Angle-resolved UV photoemission studies of the two-dimensional band structures of sulfur,selenium, and tellurium monolayers adsorbed on aluminium (111)

On A1(111) surfaces adsorbate layers of S, Se, and Te were prepared by reaction with H₂S and evaporation of selenium and tellurium. Two condensation processes of different rate were found by measuring the photoemission intensity of the adsorbate p-levels as a function of dosis or evaporation time. The first process was identified as the build-up of a monolayer. By LEED and angular resolved UPS it was found that the atoms of the monolayers are hexagonally close packed and aligned to, but not in registry with the substrate. The nearest neighbour distances are 0.35 nm for S, 0.37 nm for Se, and 0.40 nm for Te. These distances are only somewhat smaller than the Van der Waals diameters. By measuring the kinetic energy and emission angle of photoelectrons from the adsorbate p-levels using polarized and unpolarized Hel (21.2eV) radiation the two-dimensional band structures could be constructed.

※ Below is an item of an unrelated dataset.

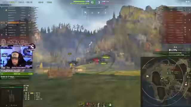 04:17:08Es geht um die Wahl von Panzern. Der EBR wird als Option vorgeschlagen, während der Manticore bereits durchgespielt ist. Der Streamer fährt mit einem mittelmäßigen Scout, dem WZ, und bittet einen Mitspieler namens Randy, als EBR vorzupositionieren. Es folgt eine allgemeine Frage nach den Serverproblemen, die auftreten, und der Streamer erwähnt sein eigenes Auto ohne TÜV. Der Fokus liegt auf der Scouting-Aufgabe, die konstantes Ausharren am Leben erfordert, um auf Fehler der Gegner zu warten.

They were found to be similar for all three adsorbate systems and only shifted as a whole to lower binding energies with increasing Z. The two-dimensional band structures were also calculated using a simple tight-binding model. The main features of the experimentally obtained bands could be reproduced by a calculation using only two parameters. The main differences between the calculated and experimentally evaluated bands could be attributed to the interaction of the monolayer with the substrate. For Te no important influence of the spin-orbit coupling was found.